Real-time analytics is another interesting issue to consider. The adjective “real-time” refers to a level of responsiveness that is immediate or nearly immediate. Market forces, customer requirements, governmental regulations, and technology changes collectively conspire to ensure that data that is not up-to-date is not acceptable. As a result, today’s leading organizations are constantly working to improve operations with access to, and analysis of, real-time data.
As good as real-time analytics sounds, it is not without its challenges to implement. One such challenge is reducing the latency between data creation and when it is recognized by analytics processes. Time-to-market issues can be another potential pitfall of an advanced analytics project. A large part of any analytical process is the work involved with gathering, cleansing, and manipulating data required as input to the final model or analysis. However, this up-front work is essential to the overall success of any advanced analytics project.

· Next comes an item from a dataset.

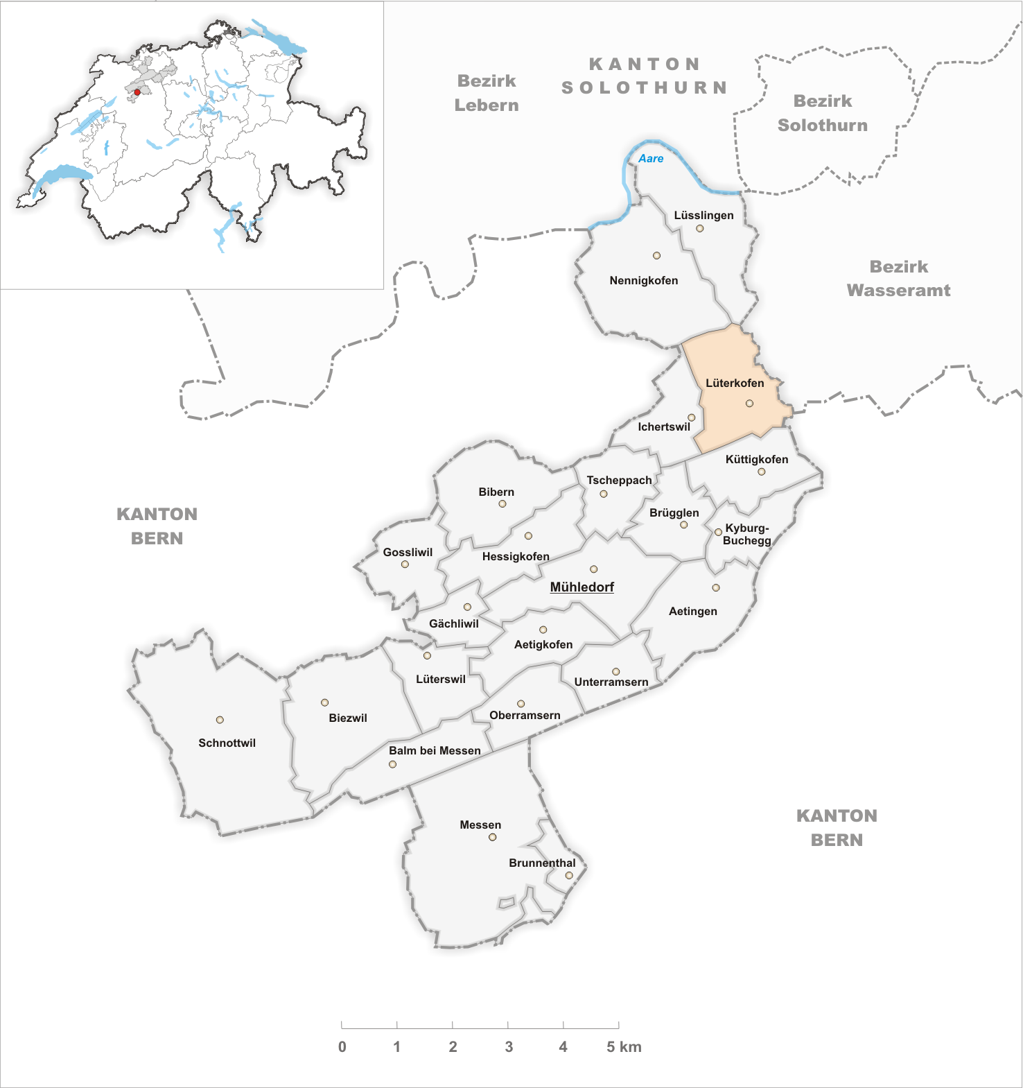 Municipality Lüterkofen Artist: Tschubby

The end result of deploying advanced analytics is increased productivity with the ability to gather and analyze large volumes of data to deliver faster, more-effective business decisions.
Indeed, the whole big data phenomenon is largely focused on the analytical processing that is conducted on the data. But data need not be “big” in order to implement advanced analytics at your organization. And, ignoring the value that advanced analytics can provide your organization is not an option … because you can bet that your competition is not ignoring it!